To prevent peaks being cut by the boundaries of bins, which is an often-observed effect in the case of equidistant binning, methods have been proposed, which are based on non-equidistant spacing of bins. In the ideal case, the borders of the bins are adjusted in a way that bins cover only complete peaks including all possible locations of the peaks. This means that the bin width depends on the width of the peak shape and on the shift width of the peak. An example is shown in the figure. None of the peaks is cut by the bin boundaries. The width of the bin covering the peak of para-hydroxyphenylacetate (locate at 3.455 ppm) is narrow, as the peak does not shift. On the other side, the triplet of taurine is quite wide and shows extensive shifts. Therefore, the corresponding bin is very wide (from 3.386 ppm to 3,448 ppm).

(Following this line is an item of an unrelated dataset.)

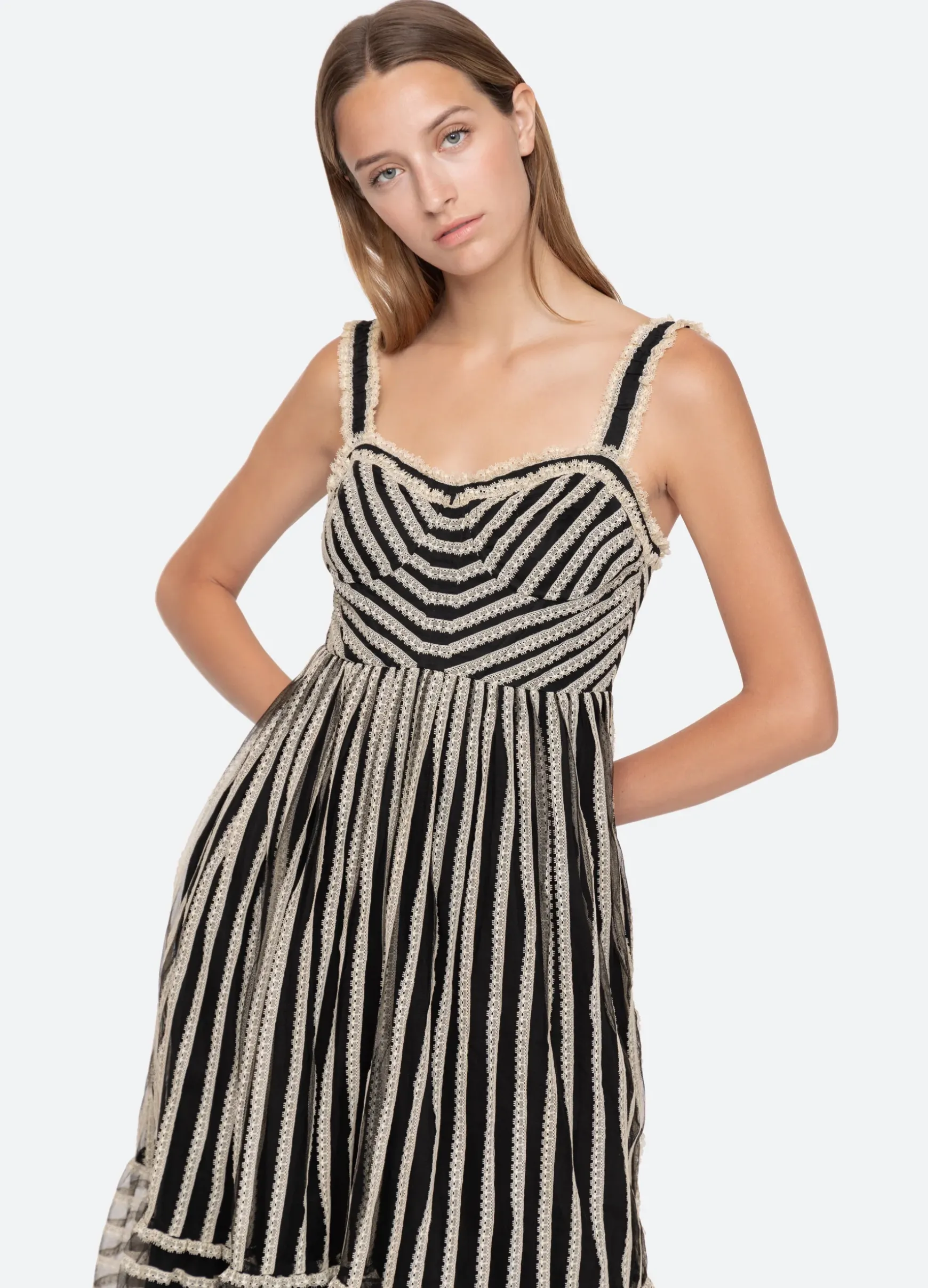 The Verona lace dress features a corset style top, ruffled straps and full skirt.

The binning shown in the figure is based on positioning the borders of the bins on local minima of the mean spectrum of the complete sample set of 690 spectra. The considerable number of spectra results in a very smooth spectrum. Therefore, the local minima separate well between shifting peaks while conserving each peak in a bin. For static peaks, the hyperfine structure is split into separate bins. Overall, 604 bins were generated in this case for the spectral range of 0 ppm to 10 ppm with the water peak excluded.
Non-equidistant binning applied to a set of 1H-NMR spectra of 30 samples from a human metabonomic study. The bin borders are marked by blue lines . It is visible, that the taurine peak (triplets marked with a red arrows) does not shift between bins but is located within a wide bin.
The unequal bin width also has some fundamental consequences for the subsequent data analysis. For the example discussed above, the bin width varied between 0.0014 ppm and 0.46 ppm (broad peak of urea). If no further processing of the spectrum is performed, data points belonging to different bins influence the subsequent data analysis to a different extent. For example, a data point of a very small bin has a higher influence than a data point of a very wide bin. If the subsequent data analysis should represent the data points of the raw spectra as adequate as possible, it might be appropriate to scale the integral of the bins by the inverse of the bin width. On the other side, each bin represents one single signal in the ideal case. Therefore the integral of a bin represents the “proton concentration” and with it the concentration of the metabolite behind the signal. Thus, no further scaling is needed, if the data analysis should reveal concentrations of metabolites and changes of concentrations of metabolites.
A combination of equidistant binning and non-equidistant binning has been proposed and applied in metabonomics studies recently ,, . This method starts with the traditional bucket size of 0.04 ppm and allows adjusting the borders by 50% resulting in a bucket width between 0.02 ppm and 0.06 ppm. The adjustment is based on finding local minima of a sum of spectra or of a skyline projection of spectra.